(RECORDS SUPPLIED)

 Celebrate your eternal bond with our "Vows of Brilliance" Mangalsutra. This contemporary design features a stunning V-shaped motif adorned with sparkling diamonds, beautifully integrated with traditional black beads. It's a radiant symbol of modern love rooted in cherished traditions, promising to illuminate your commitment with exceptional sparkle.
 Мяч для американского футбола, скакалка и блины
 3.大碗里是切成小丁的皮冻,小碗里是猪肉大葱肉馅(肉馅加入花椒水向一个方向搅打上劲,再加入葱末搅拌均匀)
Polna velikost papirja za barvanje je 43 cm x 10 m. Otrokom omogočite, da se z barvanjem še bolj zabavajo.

(End RECORDS SUPPLIED)
(RECORDS SUPPLIED)

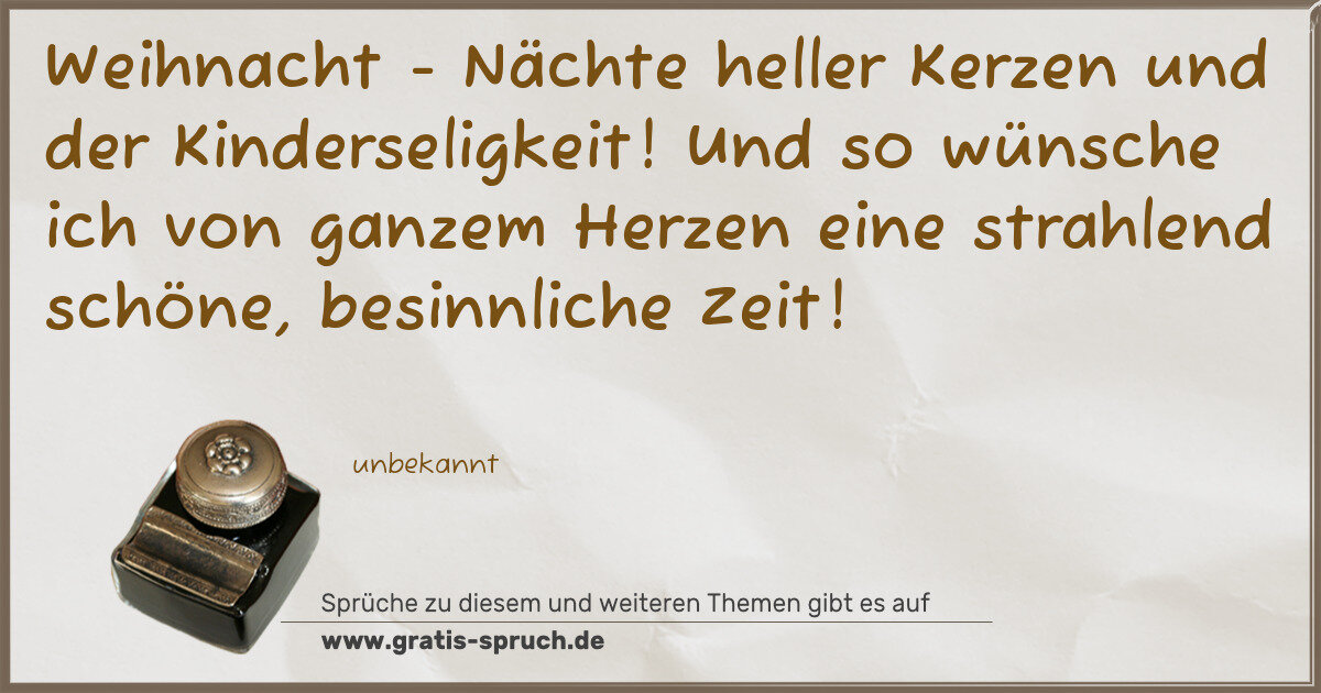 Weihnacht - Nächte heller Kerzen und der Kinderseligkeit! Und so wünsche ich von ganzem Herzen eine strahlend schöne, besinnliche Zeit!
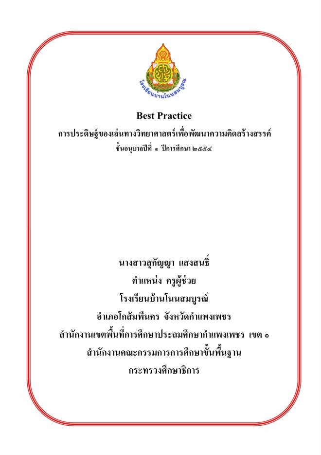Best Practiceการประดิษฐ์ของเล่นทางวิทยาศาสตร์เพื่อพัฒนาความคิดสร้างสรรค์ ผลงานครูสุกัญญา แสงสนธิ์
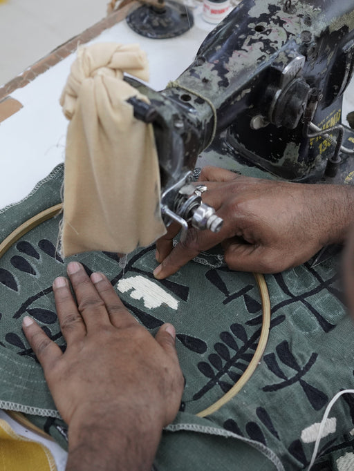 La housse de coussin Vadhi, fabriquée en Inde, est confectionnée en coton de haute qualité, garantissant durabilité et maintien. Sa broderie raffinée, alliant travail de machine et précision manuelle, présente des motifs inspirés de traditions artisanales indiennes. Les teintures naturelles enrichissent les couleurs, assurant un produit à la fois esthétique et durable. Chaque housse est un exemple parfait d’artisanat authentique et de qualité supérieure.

(End RECORDS SUPPLIED)

TASK TO COMPLETE:
Print, without alteration, only the lines above between the one holding "Celebrate your eternal" and the one holding "Polna velikost papirja", inclusive.

WRITTEN SOLUTION:
 Celebrate your eternal bond with our "Vows of Brilliance" Mangalsutra. This contemporary design features a stunning V-shaped motif adorned with sparkling diamonds, beautifully integrated with traditional black beads. It's a radiant symbol of modern love rooted in cherished traditions, promising to illuminate your commitment with exceptional sparkle.
 Мяч для американского футбола, скакалка и блины
 3.大碗里是切成小丁的皮冻,小碗里是猪肉大葱肉馅(肉馅加入花椒水向一个方向搅打上劲,再加入葱末搅拌均匀)
Polna velikost papirja za barvanje je 43 cm x 10 m. Otrokom omogočite, da se z barvanjem še bolj zabavajo.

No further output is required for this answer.